GOAL OF THE EXERCISE: Would you give the listing back word for word once its pictures are removed?
╭─ EXERCISE DATA
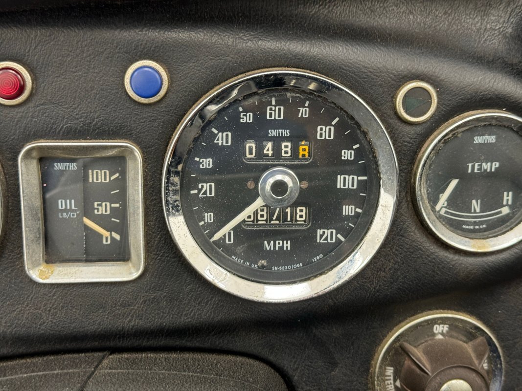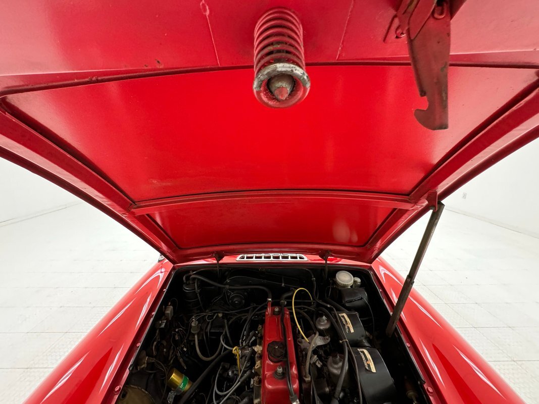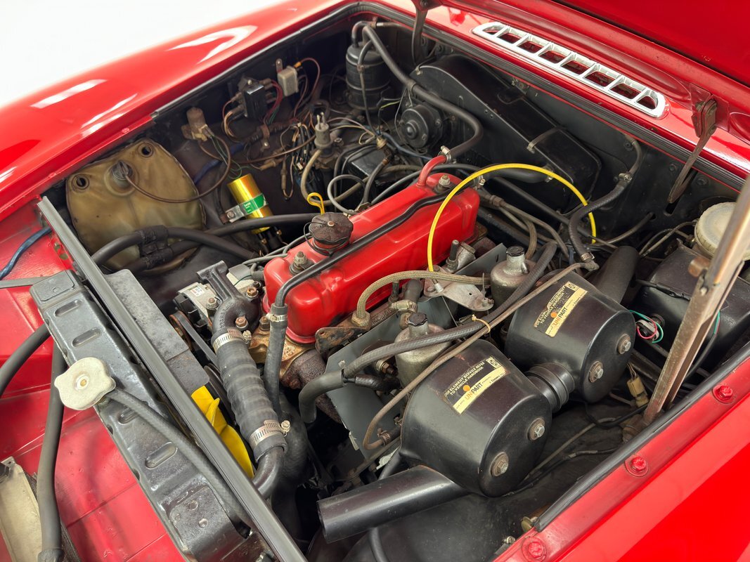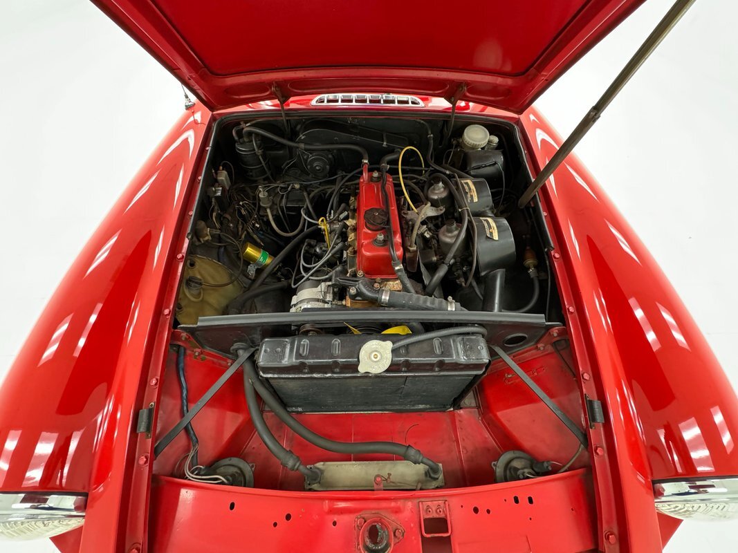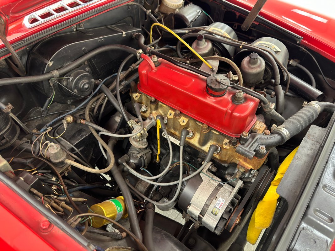Under the bonnet is a very clean 1800cc inline 4 cylinder engine rated at 78.5 horsepower and fed petrol by a 2 SU carburetor set up. A 4-speed manual is underfoot and as a true sports car, power is sent to the rear wheels where it meets 3.909 gears. In the front, disc brakes and in the back, drums.
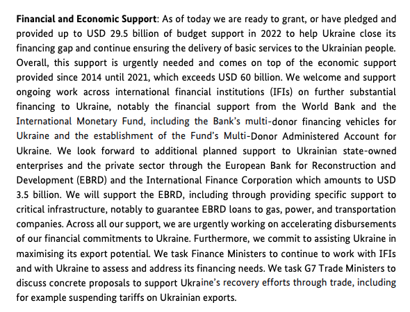 Также G7 обещает оказывать поддержку украинским государственным предприятиям и частному сектору в размере 3,5 млрд долларов через Европейский банк реконструкции и развития и Международную финансовую корпорацию.
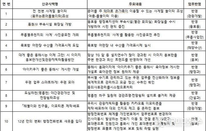 동해시는 지난 2024년부터 직원 제안 정책 발굴 제도를 운영해 왔으며, 직원들이 제안한 아이디어 55건 가운데 10건의 신규 시책을 실제 시정에 반영해 추진하는 성과를 거뒀다.
╰─
EXERCISE RESPONSE:
Under the bonnet is a very clean 1800cc inline 4 cylinder engine rated at 78.5 horsepower and fed petrol by a 2 SU carburetor set up. A 4-speed manual is underfoot and as a true sports car, power is sent to the rear wheels where it meets 3.909 gears. In the front, disc brakes and in the back, drums.
 Также G7 обещает оказывать поддержку украинским государственным предприятиям и частному сектору в размере 3,5 млрд долларов через Европейский банк реконструкции и развития и Международную финансовую корпорацию.
 동해시는 지난 2024년부터 직원 제안 정책 발굴 제도를 운영해 왔으며, 직원들이 제안한 아이디어 55건 가운데 10건의 신규 시책을 실제 시정에 반영해 추진하는 성과를 거뒀다.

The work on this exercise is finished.